Often, this practice is innocuous; nobody, after all, wants a broken copy of Doom. But what happens when public figures begin to realize that they can use the iterative nature of the Internet to rewrite their own histories — or, at least, to make it difficult to track the changes that they have made? This is not a hypothetical inquiry. At present, the New York Times is engaged in a dispute with its union over whether it would be acceptable for its Web team “to retroactively correct the bylines of transgender journalists who change their names.” The union wishes to alter the work certain writers did on the grounds that it was “wrong” all along and must be corrected after the fact to better comport with cosmic reality; the Times opposes this project.
I do not wish to get into the merits of the union’s argument here.
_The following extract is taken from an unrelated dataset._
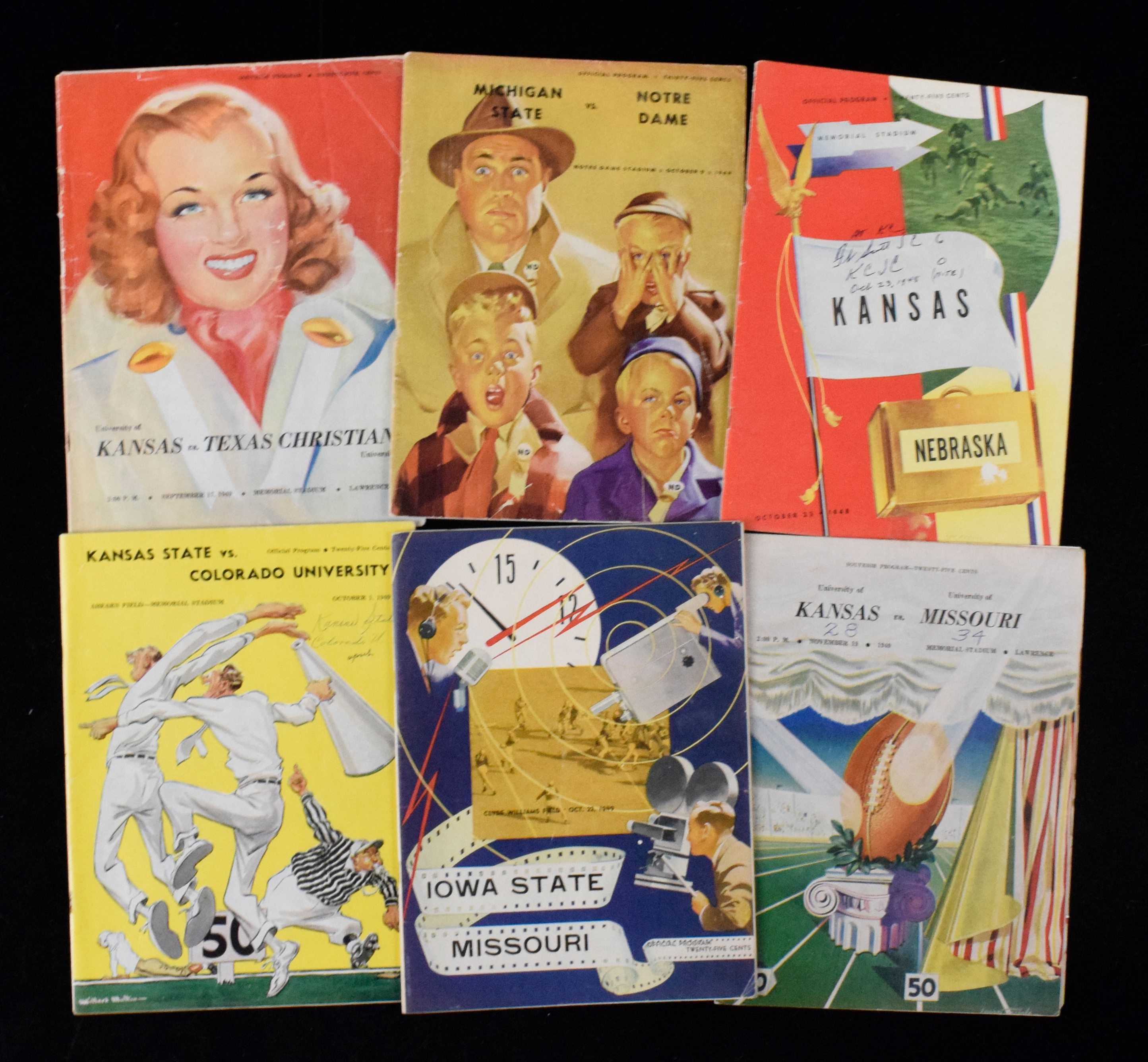 Description:Lot of (22) college football programs from 1948-1952 (GD-EX/MT). Includes 10/9/1948 Michigan State at Notre Dame, 10/23/1948 Nebraska at Kansas, 10/30/1948 Tulsa at Wichita, 11/20/1948 Southwestern at Wichita, 9/17/1949 Texas Christian at Kansas (GD), (2) 9/24/1949 Miami at Wichita, 10/1/1949 Colorado at Kansas State, 10/22/1949 Missouri at Iowa State, 10/22/1949 Kansas at Oklahoma A&M, 11/19/1949 Missouri at Kansas, 12/3/1949 Notre Dame at SMU, 10/21/1950 Oklahoma A&M at Kansas, 10/28/1950 Houston at Wichita, (2) 9/22/1951 Miami at Wichita, 9/28/1951 Wichita at Utah State, 10/6/1951 Bradley at Wichita, 10/13/1951 SMU at Notre Dame, 11/16/1951 North vs East All-Star Game, 11/1/1952 Utah State at Wichita, and 10/11/1952 Louisiana State at Kentucky. Most appear to average VG/EX overall with normal handling wear. Range: GD-EX/MT
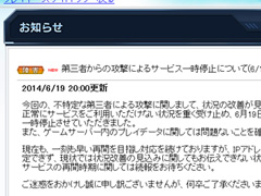 6月19日午後11時時点のお知らせによると、攻撃は依然継続しており、今夜中の復旧は難しい状況とのこと。さらなる続報は20日午後1時に発表される予定。また21日の「ファンタシースター感謝祭2014」大阪会場については、当日のサーバー状況にかかわらず開催されるそうです。

Rather, I want to note that, until a few years ago, it could quite obviously not have made the demand it is making now, and to propose that the fact that such a demand is now possible has extraordinary implications for our understanding of history. Clearly, the Times cannot go back and collect up all the copies of its newspaper that contain articles by writers who have subsequently changed their names. On its website, though, it can in effect do exactly that. And, if it does, most readers will never have a clue that it has done so.
In other industries, the union’s request is already being granted as a matter of course. Until recently, the actor now known as “Elliot Page,” a man, was instead known as “Ellen Page,” a woman. Indeed, for years, Page’s public name was “Ellen,” a fact that was reflected on IMDB, on Netflix, on Wikipedia, and so on. Last year, though, this changed — and, with it, so did the history of cinema. Today, Apple Movies, Amazon Prime Video, Hulu, and others list the star of the movie Juno — which is about a girl who gets pregnant — as “Elliot Page,” even though this was not Page’s name when the movie was made and distributed.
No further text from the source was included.